Below is a listing. Return the lines from the one that contains "Zugang zum Balkon" to the one that contains "ชื่อผลงาน : ได้รับรางวัลในรายการแข่งขัน", both ends included, verbatim and with no pictures.

───── GIVEN ENTRIES ─────

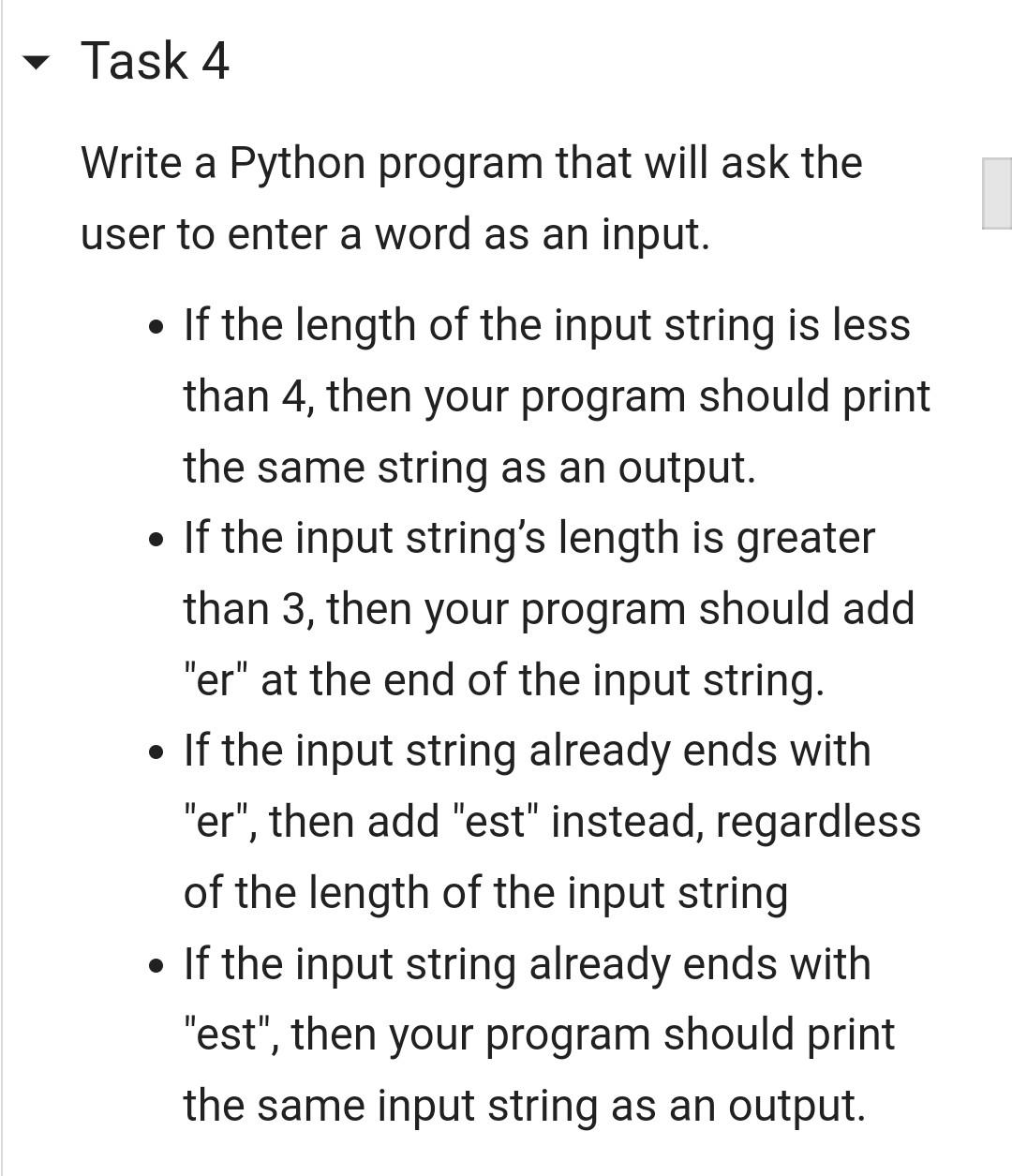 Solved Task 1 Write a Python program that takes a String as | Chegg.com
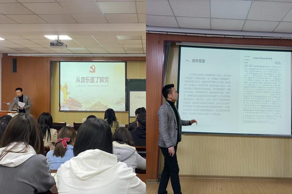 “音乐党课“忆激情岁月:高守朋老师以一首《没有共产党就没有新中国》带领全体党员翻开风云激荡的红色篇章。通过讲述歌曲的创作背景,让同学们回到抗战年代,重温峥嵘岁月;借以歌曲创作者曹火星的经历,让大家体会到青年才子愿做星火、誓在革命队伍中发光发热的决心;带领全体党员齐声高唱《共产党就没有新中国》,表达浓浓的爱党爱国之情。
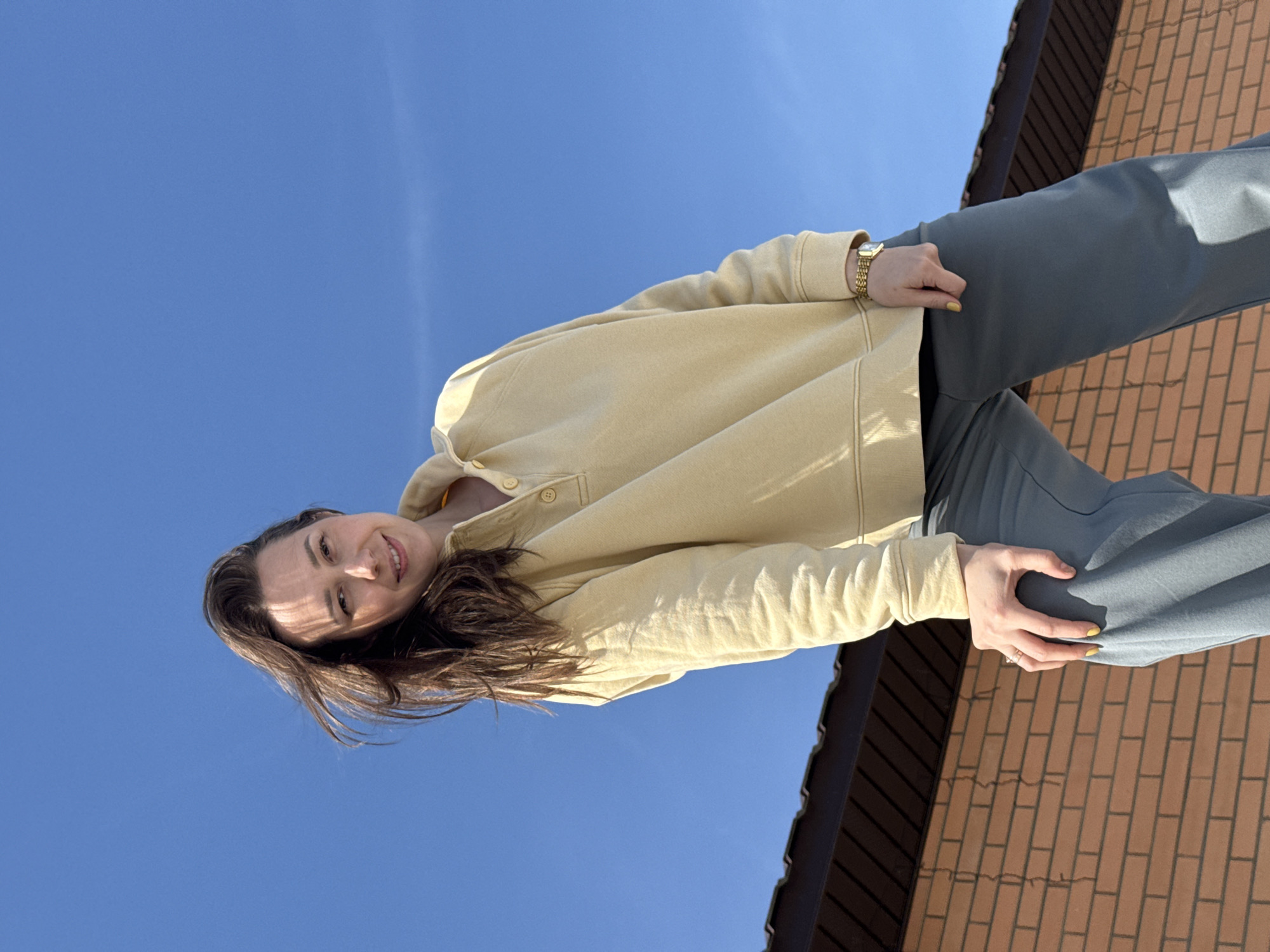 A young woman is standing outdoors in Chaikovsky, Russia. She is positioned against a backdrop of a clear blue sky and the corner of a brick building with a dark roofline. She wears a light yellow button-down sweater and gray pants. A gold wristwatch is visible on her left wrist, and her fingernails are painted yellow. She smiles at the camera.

─────
───── GIVEN ENTRIES ─────

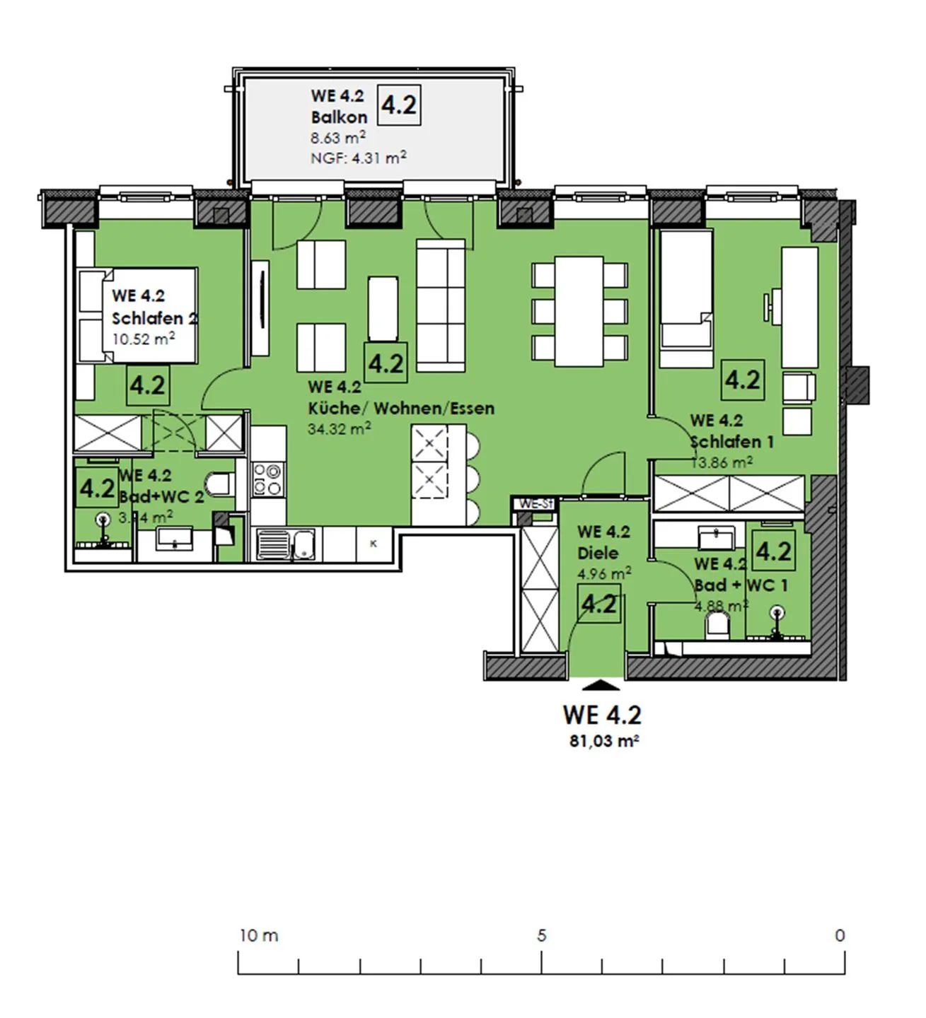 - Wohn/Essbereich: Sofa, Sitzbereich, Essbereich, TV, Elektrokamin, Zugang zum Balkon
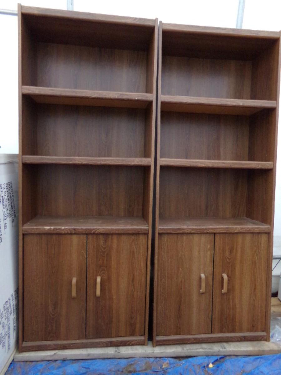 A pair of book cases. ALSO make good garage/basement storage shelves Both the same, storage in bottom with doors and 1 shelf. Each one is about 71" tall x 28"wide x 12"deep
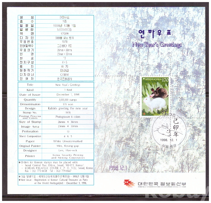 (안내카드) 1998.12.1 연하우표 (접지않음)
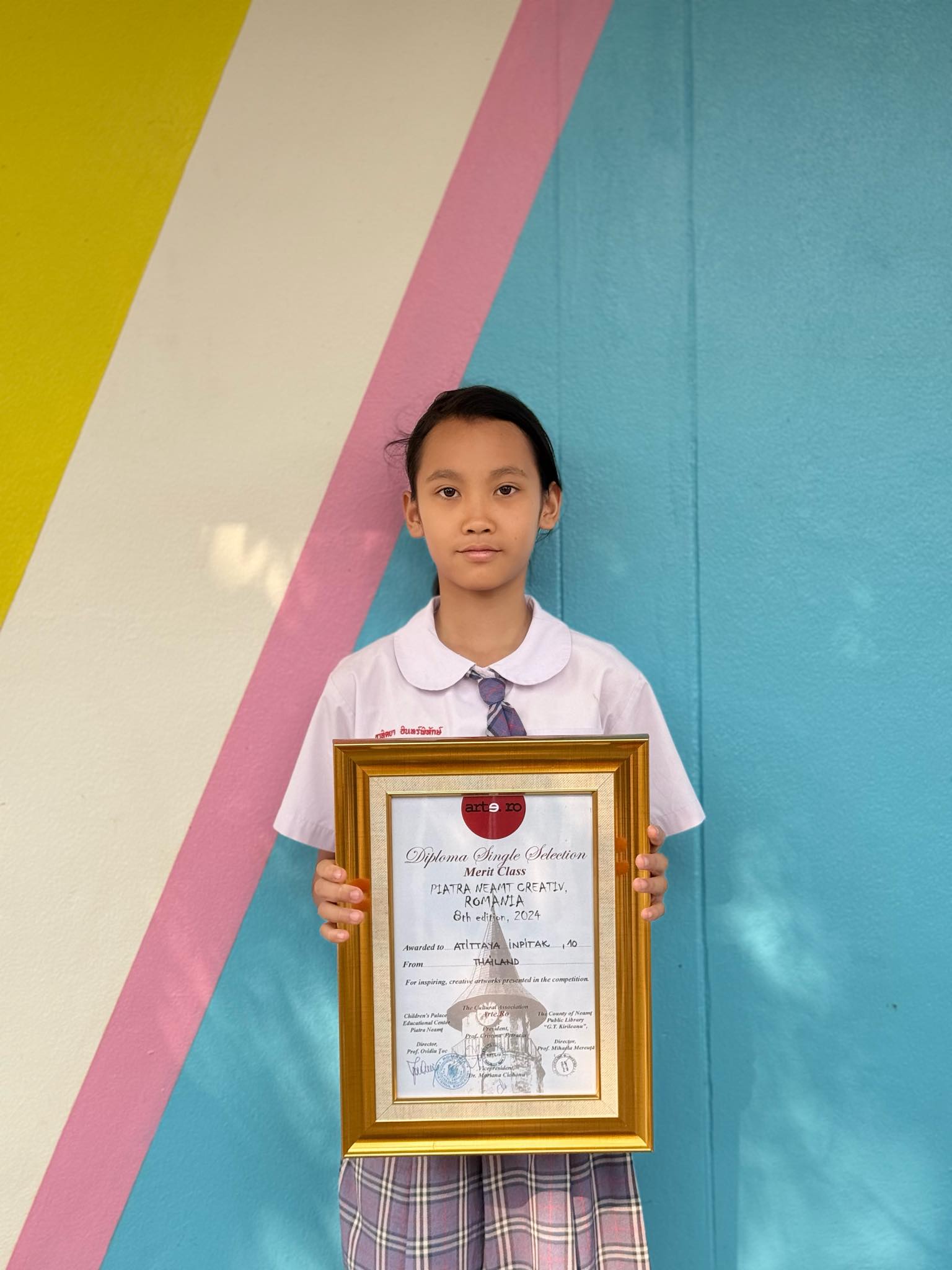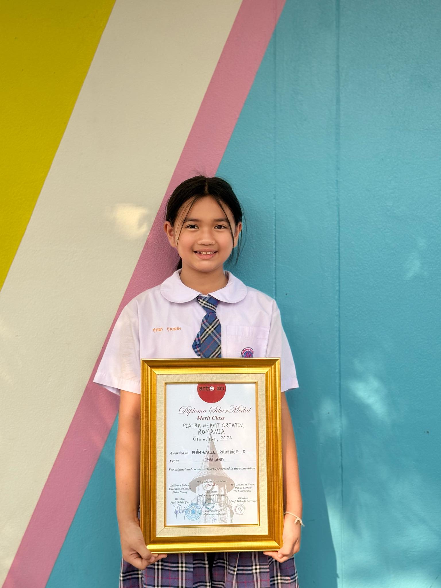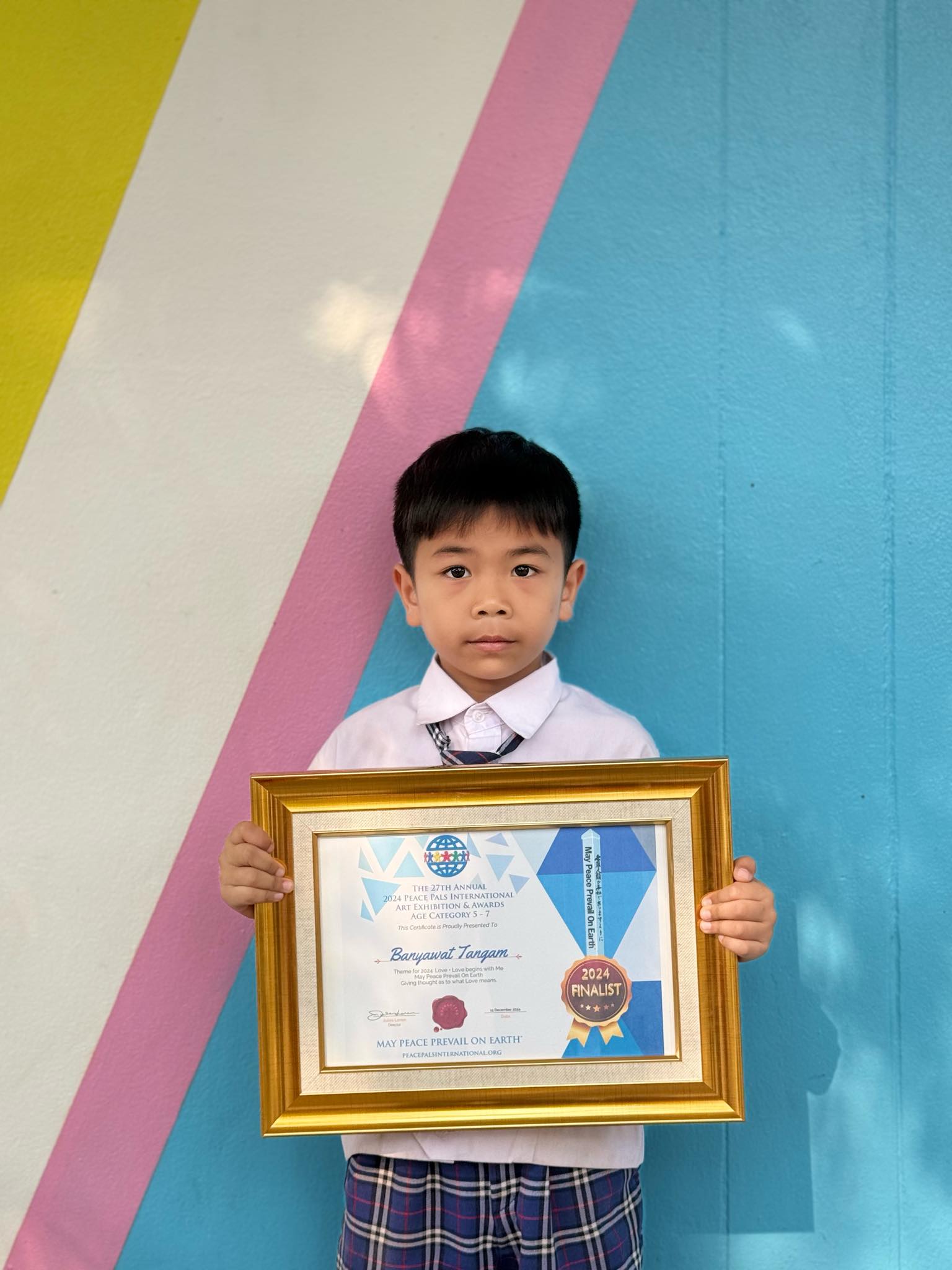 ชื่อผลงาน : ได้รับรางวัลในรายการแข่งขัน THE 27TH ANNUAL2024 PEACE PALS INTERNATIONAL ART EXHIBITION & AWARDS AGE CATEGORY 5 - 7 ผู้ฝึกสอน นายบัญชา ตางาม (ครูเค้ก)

─────

- **ANSWER TO THE PROBLEM**
 - Wohn/Essbereich: Sofa, Sitzbereich, Essbereich, TV, Elektrokamin, Zugang zum Balkon
 A pair of book cases. ALSO make good garage/basement storage shelves Both the same, storage in bottom with doors and 1 shelf. Each one is about 71" tall x 28"wide x 12"deep
 (안내카드) 1998.12.1 연하우표 (접지않음)
 ชื่อผลงาน : ได้รับรางวัลในรายการแข่งขัน THE 27TH ANNUAL2024 PEACE PALS INTERNATIONAL ART EXHIBITION & AWARDS AGE CATEGORY 5 - 7 ผู้ฝึกสอน นายบัญชา ตางาม (ครูเค้ก)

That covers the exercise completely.